Çok yazık oldu!
Neye kızalım bilemiyoruz. Beşiktaş'ın maç boyunca üstün oynayıp maçı kaybetmesine mi kızalım? Son dakikalarda, o ana kadar çok iyi oynamış Gökhan'ın adamını kaçırıp penaltı olmasına mı kızalım? Böylesine önemli bir maçta acemi bir Sloven hakemin verdiği penaltıya mı kızalım? Yoksa cömertçe harcanan pozisyonlarla gelmeyen Beşiktaş gollerine mi yanalım? Dedik ya dün akşam Beşiktaş adına üzülecek çok şey vardı. Dinamo Bükreş'i öyle bir büyütmüşüz ki, sanki Avrupa'nın en büyüklerinden biri. Vasat Rumen Ligi'nde her maçını kazandı diye sürekli medyada büyütülen D.Bükreş, sıradan bir takım. Hiçbir hattıyla Beşiktaş'tan üstün değil. Ama maçı kazandılar. Beşiktaş ise Avrupa'ya mucize olmazsa dün gece veda etti. Beşiktaş maç başı ve sonunda yediği iki golde de hatalıydı. Her iki golde de konsantrasyon kaybıyla kaçırılan adamlar ve gelen Bükreş golleri üzüntümüzü daha da artırıyor. Maça baktığımızda Beşiktaş iyi oynadı. İyi oynamaktan da öte rakibini baskı altında tuttu ve insiyatifi hep elinde bulundurdu.

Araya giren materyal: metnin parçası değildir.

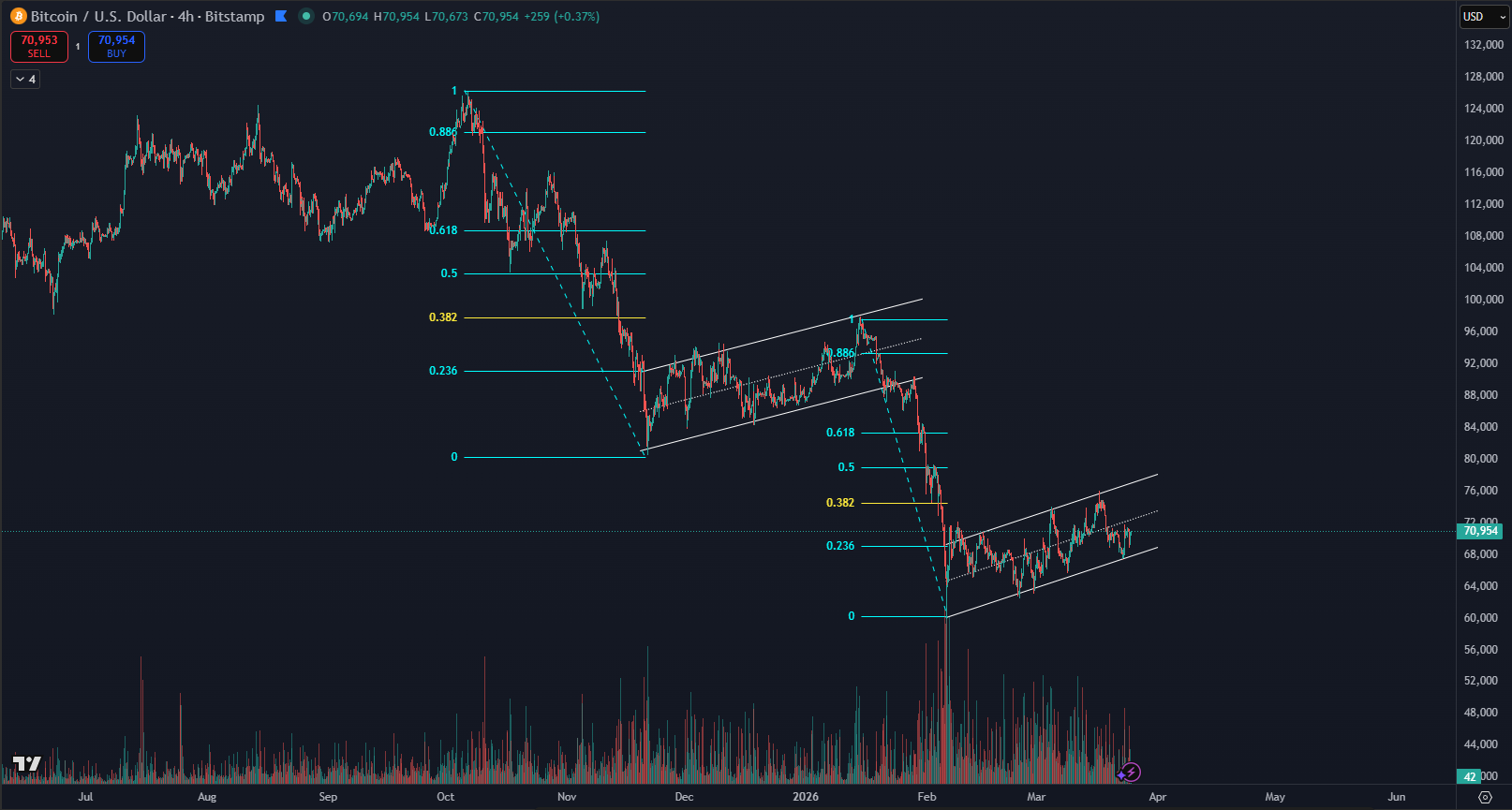 Kľúčovým faktorom je Fibonacciho retracement. Obe spomínané vlajky stúpli presne do výšky 38,2 % predošlej klesajúcej vlny. Táto úroveň funguje pri obchodovaní ako prvý cenový cieľ a zároveň silná bariéra. Ak trh nedokáže túto hranicu prekonať, hrozí mu ďalší prepad. Pri zopakovaní histórie môže Bitcoin čakať pád o ďalších 10 000 dolárov. Takýto pohyb by cenu stlačil hlboko ku hranici 60 000 dolárov.

UÇUP GİDEN HAYALLER Delgado'yu Türkiye'ye geldiğinden beri ilk defa bu kadar iyi ve istekli gördük. Ama Beşiktaş 1-1'den sonra maçı kopartmalıydı. İkinci golü bulup maçı alacağı öyle pozisyonlar yakaladı ki, harcanan bu fırsatlar futbolun evrensel lafını bir kez daha gündeme getirdi: 'Atamayana atarlar'. Gerçekten de öyle oldu. Galibiyet ha geldi ha gelecek derken pis bir top ve Gökhan'ın arkasına sızan bir Rumen, Beşiktaş'ın sonunu getirdi. Gökhan, Milli Takım'ın önemli bir oyuncusu. Dün gece de iyi oynadı ama sen iyiysen böyle hatalar yapmayacaksın. Adamını kaçırdı, ayağını rakibe soktu, rakip de kendini attı. Sloven hakem zaten çalmak için fırsat kolluyordu. Bastı penaltıyı, attı Gökhan'ı. Ondan sonra da "Ben ev sahibini kollayan bir hakem değilim" dercesine iki Rumen'i daha oyundan attı. Yandığımız, sadece hakem kararları değil, Beşiktaş'ın iyi oynadığı, rahatça alabileceği bir deplasman maçının kaybedilmesi ve uçup giden Avrupa hayalleri.